The PG HS Showdown offers the Eagles a unique opportunity to prove to themselves and others they can hold their own when the spotlight finds them playing on a national stage. The field consists of 16 schools from Georgia, four from Alabama, three from Florida and one each from Louisiana, Mississippi and Texas, so there is plenty of out-of-Florida competition for Montverde Academy to bite its teeth into.

And that’s the whole point of being here. Valencia acknowledges there are a lot of good teams his squad can tangle with closer to home, but he also believes an experience like this one will only make his players better; his top players agree with him.

“We have good competition back home, but here it’s at another level,” Holland said. “You get to come here and really see what you’re all about.”

The Eagles were challenged right out of the gate in their opener late Thursday afternoon, needing an RBI double from unheralded Johan Campines Chacon with one out in the bottom of the seventh to escape with a 2-1 victory over the Mountain View Bears (Lawrenceville, Ga.).

Chacon and Candelaria accounted for all four of MA’s hits; senior right-hander Ernesto Alonso Hidrogo and senior lefty Alfredo Caraballo combined on a five-hitter. It might not have been an eye-catching victory, but it was a victory, nonetheless, and sent the Eagles into the nightcap against the Redan Raiders (Stone Mountain, Ga.) with a 1-0 record.

“We always have high expectations; we always want to come here and compete,” De Sedas said. “We’re going to give 110 percent every day that we go to the field, and we’re going to go out there and compete. We’ve been working really hard since the fall and the time is here to go out and compete no matter who it is that’s in front of us.”

There is a lot in front of De Sedas this spring, and he is fully aware of it. There is no way to avoid the “first-round draft talk” but he makes his best effort to isolate it in the back of his mind. It’s not something he’s going to worry about, instead opting to take the field, play the game he loves and have a lot of fun doing it.

“There’s no better place to be than out on the field … and I’m going to enjoy my teammates – it’s my last year with them,” he said. “Coming into my senior year, I’m looking forward to a big-time (season). This team has been together for three years and we’ve kind of been like a family since 2015. We’ve come a long way and we kept getting better every single year.

“This year we got together, and we’ve had meetings and we’ve (talked about) what we have to do to get better and become a big-time program in the country.”

Valencia had this to say about his star shortstop: “The most important thing with this kid is he has a good heart. He’s here to win, and he’s not going to concentrate on what’s going to happen with the draft. … He wants to work, and he wants to get better every single day.”

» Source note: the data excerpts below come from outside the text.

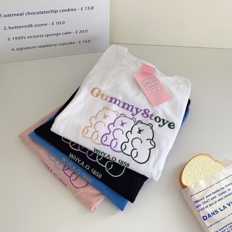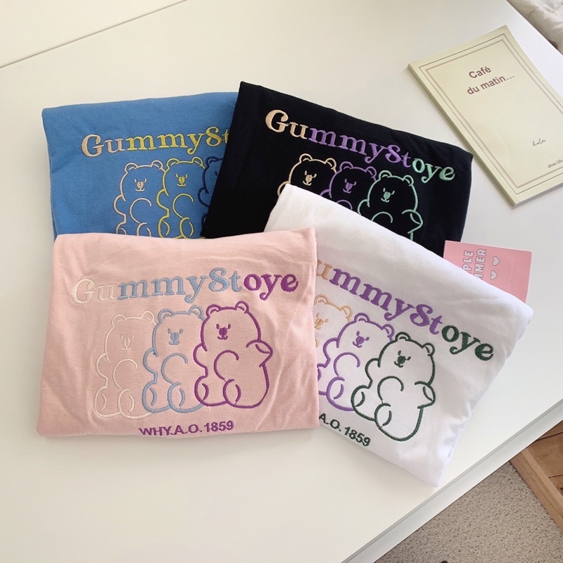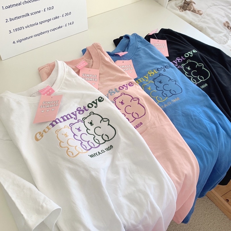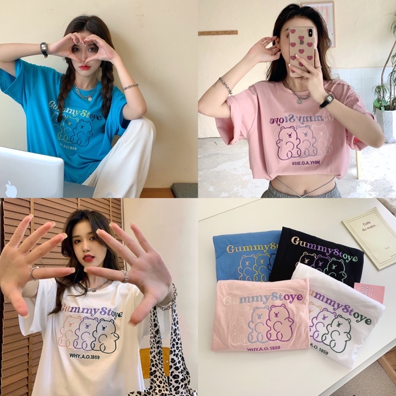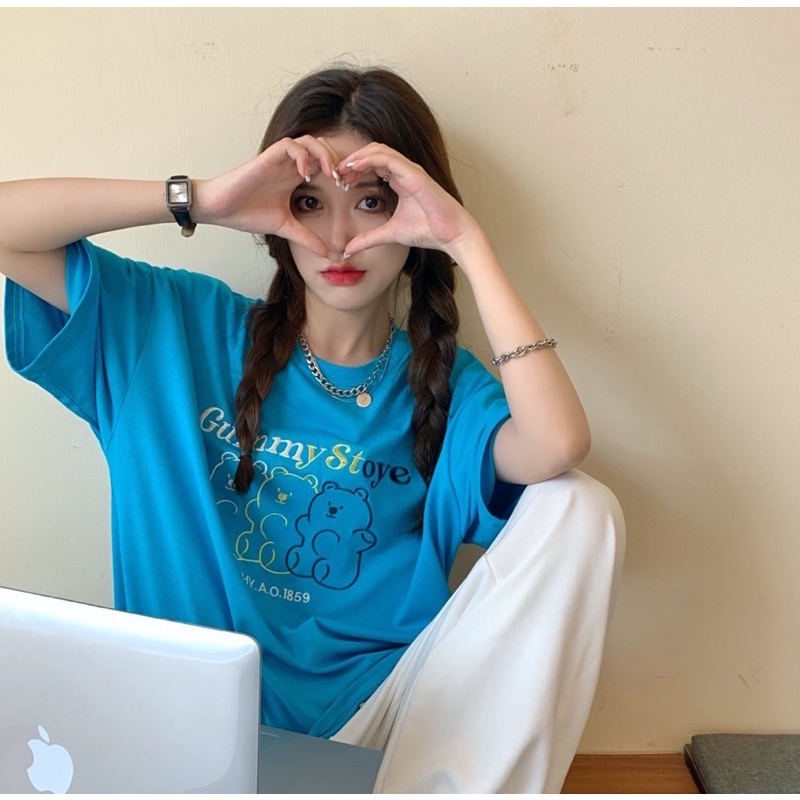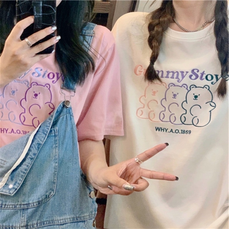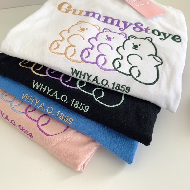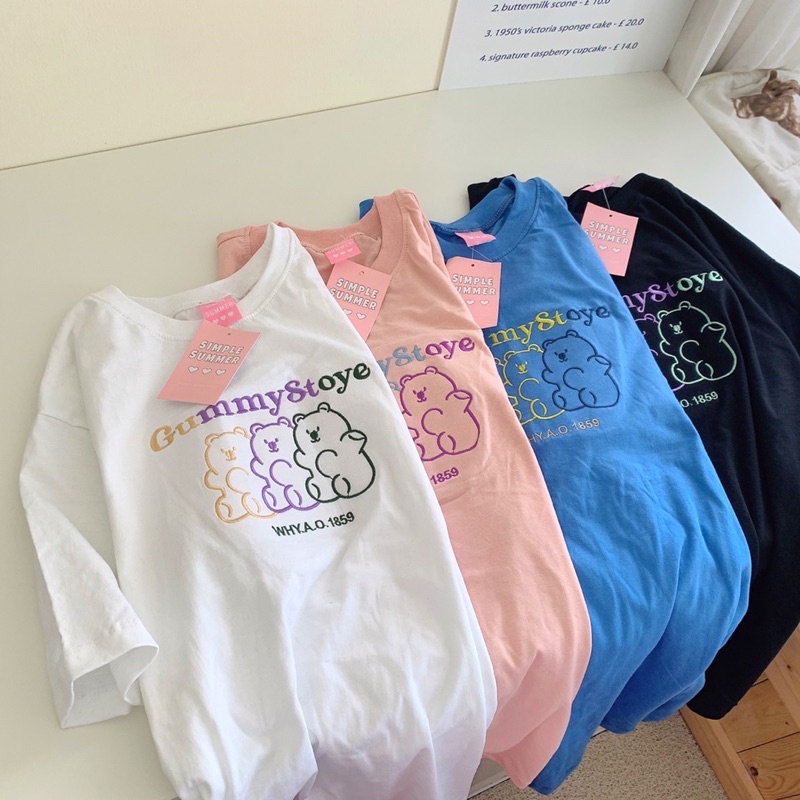 พร้อมส่ง(S_0015) ผ้าคอตตอน🐻gummy story oversize เสื้อยืดทรงโอเวอร์ไซต์ ปักgummy story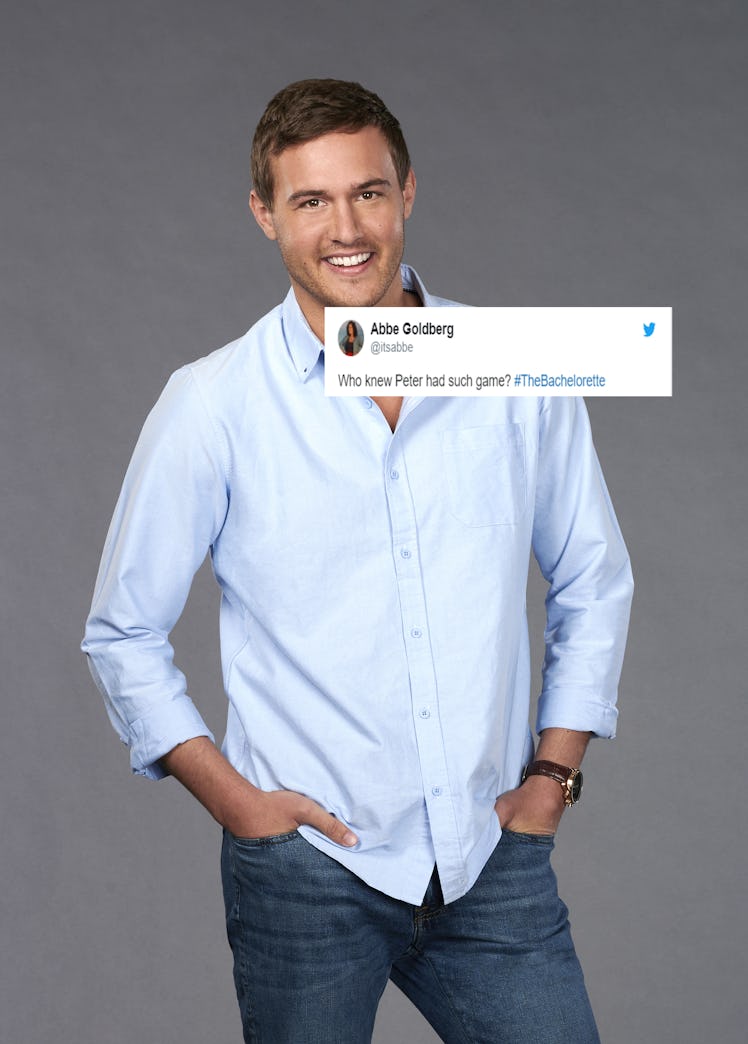 It finally happened, ladies and gents. The Bachelorette's Peter, otherwise known as Pilot Pete, received a one-on-one date with Hannah Brown after stealing the hearts of Bachelor Nation with his pilot uniform, flying puns, and low-key charm. It's been a long few weeks of having to settle for fleeting footage of Peter shining bright, but tweets about Peter and Hannah on The Bachelorette prove that the pilot's fans are ready to reach even higher altitudes with him.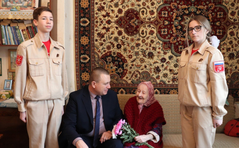 Глава администрации Донского Сергей Кулик посетил труженицу тыла Евгению Демиденко. Он поздравил женщину со 100-летием, передал цветы и подарки.

De Sedas described every Perfect Game event that he has attended – this is his second HS Showdown – as a “learning experience.” He also treats them as opportunity to catch up with his non-Montverde Academy baseball-playing friends, and he’ll have ample opportunity to do that this week.

Fellow 2017 PG All-Americans Will Banfield (Brookwood), Anthony Seigler (Cartersville), Xavier Edwards (North Broward Prep), Parker Meadows (Grayson) and Cabera Weaver (South Gwinnett) are all playing in the Showdown.

Everyone of those guys are proven winners, just like De Sedas and Holland and every other high-profile prospect in attendance at the Showdown.

When Valencia tells his guys – all of them – what he wants them to take away from this experience, his message is a simple one: leave here knowing you gave 100 percent and left everything you had out on the field, just like those PG All-Americans do every time out; do it for the Montverde Academy baseball family.

“The chemistry that we have, that’s very important for us,” he said. “We are like a family – we win and we lose together. We do everything together and I think that’s what makes us different from other teams. The communication and the trust that we have with each other, I think that’s our main (advantage).” We Are Family, indeed.